**Task to complete:** Please return the data word for word and leave out any picture it contains.

**Dataset extract:**
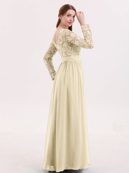 Babaroni AlinaAlina Escote En V Encaje Y Gasa Vestido Con Largas Mangas Champán Tallas Grandes
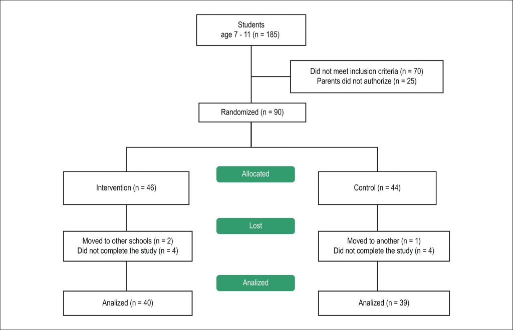 Seventy-nine students were randomized to the intervention (n = 40) or the control group (n = 39). Mean age was 10.0 ± 1.1 years. After eight weeks, the intervention group showed significant improvement in the knowledge score (p < 0.001). There was an increase in physical activity scores in both groups, but with no difference between the groups at the end of intervention (p = 0.209). A reduction in the BMI percentile was observed in the intervention group, but there was no significant statistical difference between the two groups after the intervention.
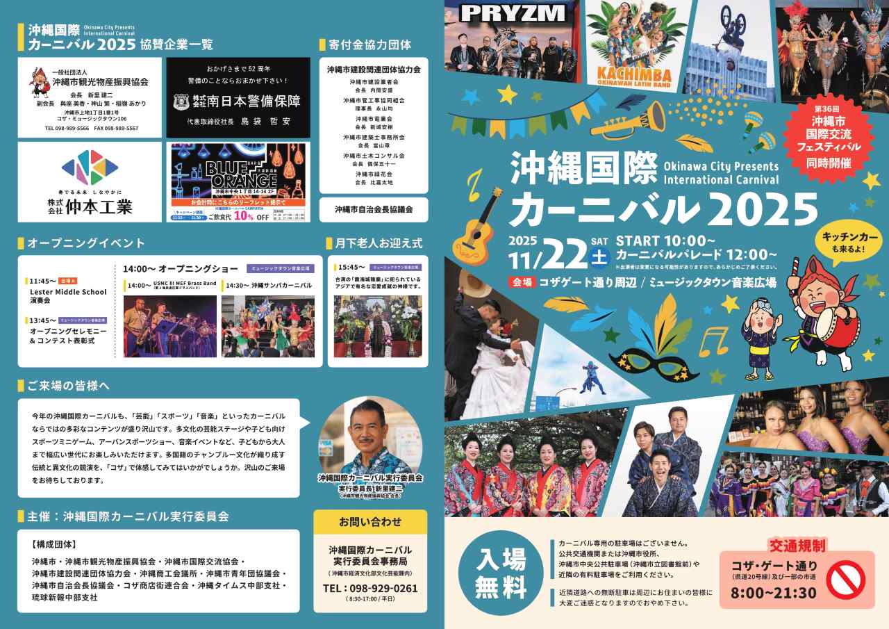 ■日時:2025年11月22日(土) 10:00~20:00 ■会場:コザ・ミュージックタウンおよびコザゲート通り ■行われる主なイベント: ・カーニバルパレート&コンテスト ・沖縄サンバカーニバル ・おきなわ音楽月間 ・第36回 沖縄市国際交流フェスティバル等 ・アーバンスポーツ
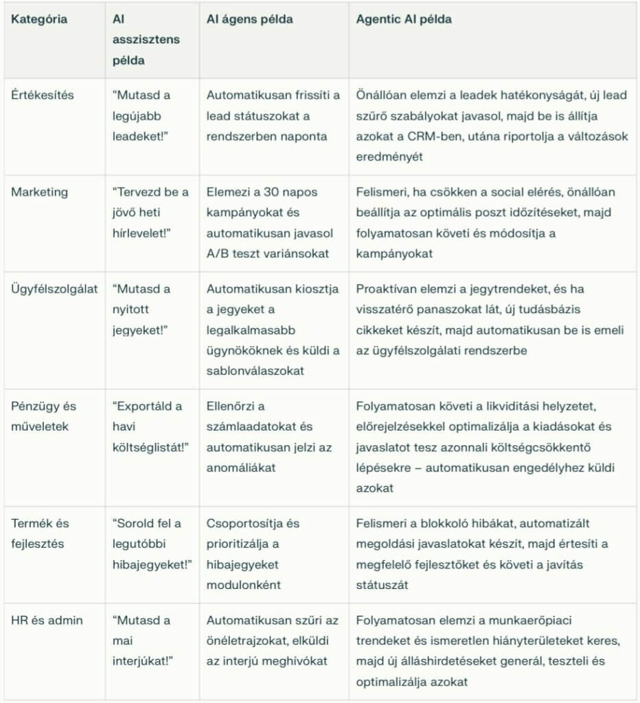 Automatizált riportolás, ügyfélszolgálati routing, HR-interjúk szervezése, pénzügyi előrejelzés, kampánymenedzsment.

**Task output:**
 Babaroni AlinaAlina Escote En V Encaje Y Gasa Vestido Con Largas Mangas Champán Tallas Grandes
 Seventy-nine students were randomized to the intervention (n = 40) or the control group (n = 39). Mean age was 10.0 ± 1.1 years. After eight weeks, the intervention group showed significant improvement in the knowledge score (p < 0.001). There was an increase in physical activity scores in both groups, but with no difference between the groups at the end of intervention (p = 0.209). A reduction in the BMI percentile was observed in the intervention group, but there was no significant statistical difference between the two groups after the intervention.
 ■日時:2025年11月22日(土) 10:00~20:00 ■会場:コザ・ミュージックタウンおよびコザゲート通り ■行われる主なイベント: ・カーニバルパレート&コンテスト ・沖縄サンバカーニバル ・おきなわ音楽月間 ・第36回 沖縄市国際交流フェスティバル等 ・アーバンスポーツ
 Automatizált riportolás, ügyfélszolgálati routing, HR-interjúk szervezése, pénzügyi előrejelzés, kampánymenedzsment.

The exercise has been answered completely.